SEOUL (AFP) – A South Korean fishing boat with 43 people on board has been seized by Somali pirates off the Kenyan coast, the foreign ministry said Sunday, the latest vessel to be captured by the bandits.
The 241-ton crab fishing vessel, which was carrying two South Koreans, two Chinese and 39 Kenyans, was hijacked on October 9 in the Indian Ocean off the Kenyan island of Lamu, the ministry said in a statement.
It is the latest of dozens of vessels to have been captured by pirates off the Horn of Africa in recent years, threatening international shipping and trade.
"We are investigating the exact circumstances surrounding the incident by setting up an emergency team at our embassy in Kenya," the ministry said, without revealing the whereabouts of the vessel or crew.
YTN news channel reported that the fishing boat, Keummi 305, and its crew had been taken to a pirate stronghold in northern Somalia, citing South Korean sources in Kenya.
Yonhap news agency reported that the 54-year-old captain, one of the South Koreans aboard, was also the head of the shipping company that owns the vessel.
The company, Keummi Fishers, has been on the verge of collapse due to financial troubles, which will further complicate ransom negotiations, it said.
"The company has been sitting on piles of debt... we are clueless on how to resolve this," said a company official quoted by Yonhap.
The official said the pirates have not yet contacted the firm.
Piracy has surged in recent years off Somalia, a lawless, war-torn country that sits astride one of the world's most important shipping routes, leading to the Suez Canal.
Dozens of ships have been hijacked and held for ransom, notably the Sirius Star, a Saudi-owned supertanker that is more than 1,000 feet long.

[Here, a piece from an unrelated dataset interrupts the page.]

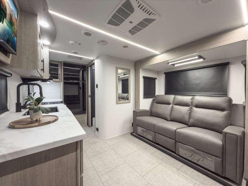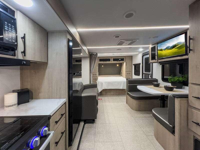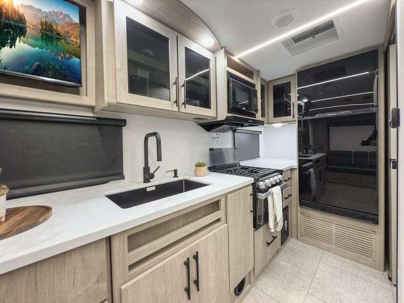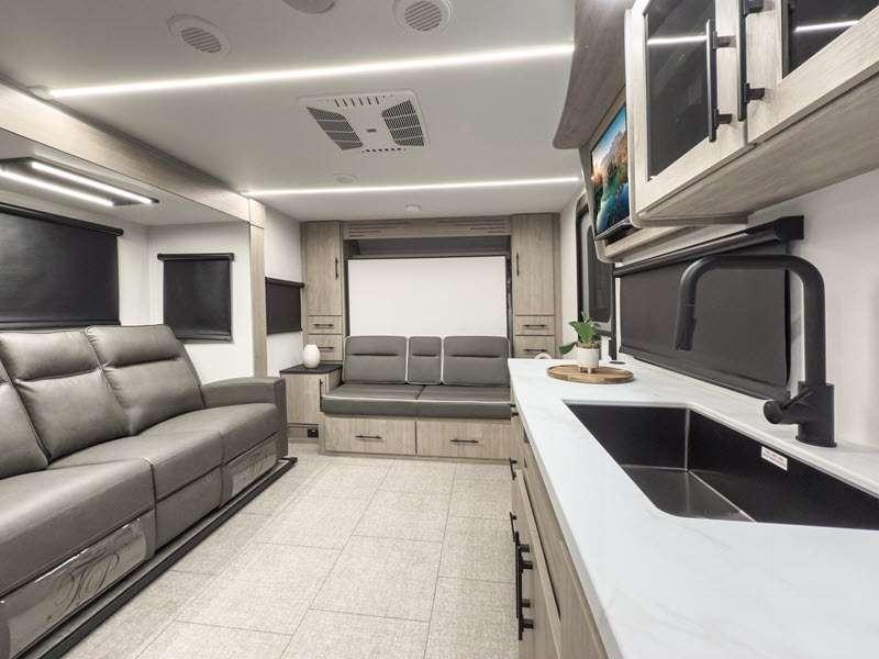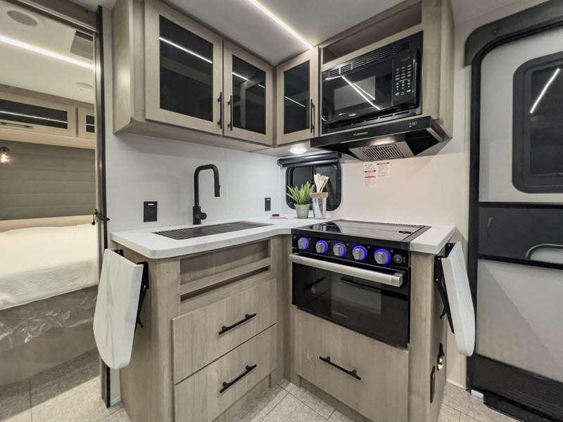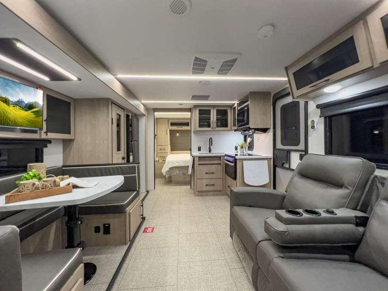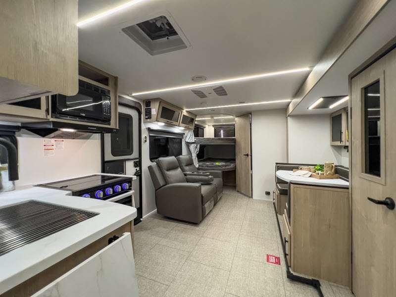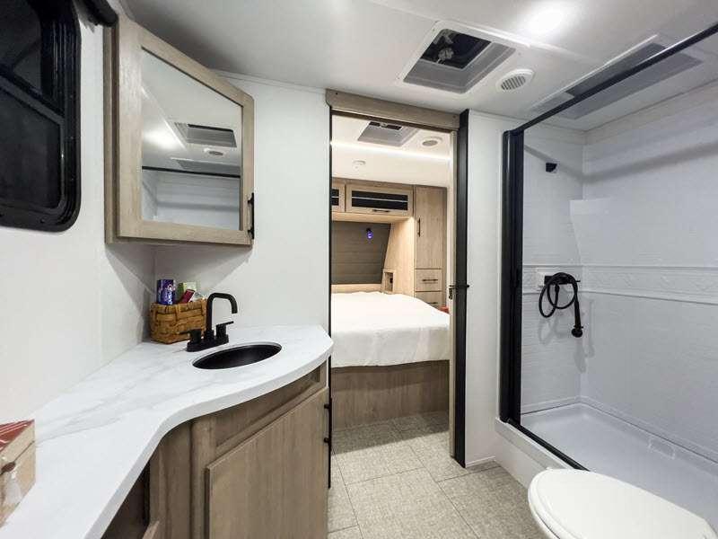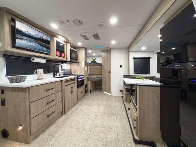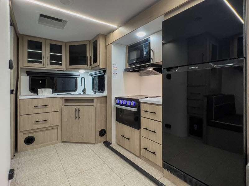 The gel-coated fiberglass exterior and one-piece roof membrane form the base that holds all of the many features, like the three-burner range with an oven, residential walk-in shower, high capacity furnace, and LED HDTV. The friction-hinge entry door won't fly away when you open it, and the residential countertops will let you set down dinner plates. There is a large panoramic window and LED lighting to keep your trailer feeling open, and the four packages included will provide even more features you won't want to camp without. Some of these features include a 200W solar panel, an accessory hitch, and a full width pass-thru storage!

The pirates are estimated to have made 60 million dollars in ransoms last year.
Foreign naval powers, including a joint European Union force and the US Navy's Fifth Fleet, have mounted patrols off the Horn of Africa in a multinational effort to try to secure the area, with some success.
South Korea is one of the countries involved in the effort.
But the pirates, often operating in small, fast boats from a larger "mother ship", have been able to seize boats hundreds of miles offshore, as far east as the Maldives and as far south as Mozambique.
In April a South Korean oil tanker with 24 crew on board was hijacked by pirates off Somalia and is still being held.
The 300,000-ton ship, the Samho Dream, was on its way from Iraq to the US state of Louisiana with a crew of five South Koreans and 19 Filipinos.
Since 2006 at least two other South Korean vessels have been seized and released after ransoms were paid.